The most common source of failure is that this sort of team does not scale up very easily. While it's true that small projects and small teams can work well without a formal software process, it gets harder and harder to do the work as the scope of the software project gets wider, the team gets bigger, or the users and stakeholders become less available. When a team outgrows an informal process, projects begin to have problems. Programmers who used to produce lots of software find that their projects have started to feel "bogged down." The users are increasingly unhappy and the software is increasingly late. The work just doesn't seem fun anymore. When this happens, many of the "Diagnosing Problems" scenarios in the first part of this book start to look very familiar.

The shift from a happy and productive team to a bogged-down team usually happens because the team has taken on more people, larger projects, or new kinds of work. Suddenly, they have to retain more knowledge about the users' and stakeholders' needs than they can keep in their heads. Some teams find that this happens when they add the fourth (or sixth, or ninth) person to the team; others find that it happens when they try to take on a project that does not resemble any of their previous ones, or when they team people up to work on larger or more complex projects.

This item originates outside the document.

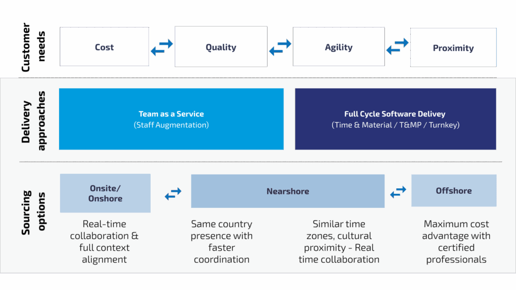 Geographic flexibility: Teams from offshore, nearshore, onshore or onsite
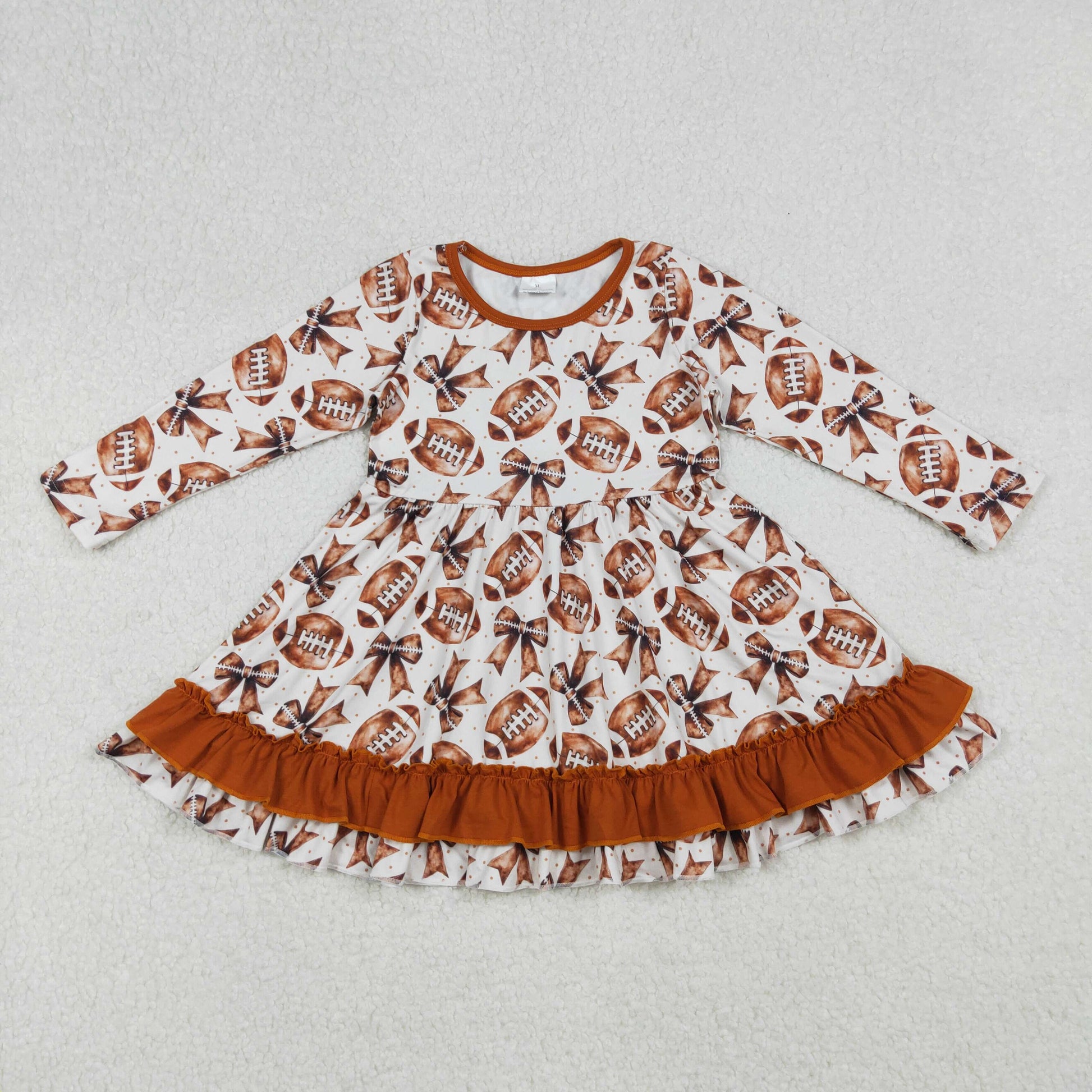 9.27 RTS NO MOQ (In stock)GLD1268 Baby Girls Winter Dress Baby Girls Footballs Bows Plaid Team Ruffle Knee Length Dresses

One of the most common situations in which a team gets "maxed out" arises when a small programming group with a good track record of building projects for individuals is faced with having to build a project on a larger scaleespecially if it is intended to be used by people outside the organization. Previously, the programmers were able to sit down with the people who would be using the software on a day-to-day basis and talk with them about what they needed. Those users would stay involved with the project throughout the entire development phase, giving feedback on prototypes and intermediate builds and helping the programmers learn more about their needs. A programming team used to working in this environment can have trouble building software meant for users outside of the organization. The problem is that the users are no longer available to the programmer whenever input is needed. A programmer used to walking across the office and asking for clarification about a confusing or unclear concept will often have trouble adjusting to a situation in which that input is not readily available.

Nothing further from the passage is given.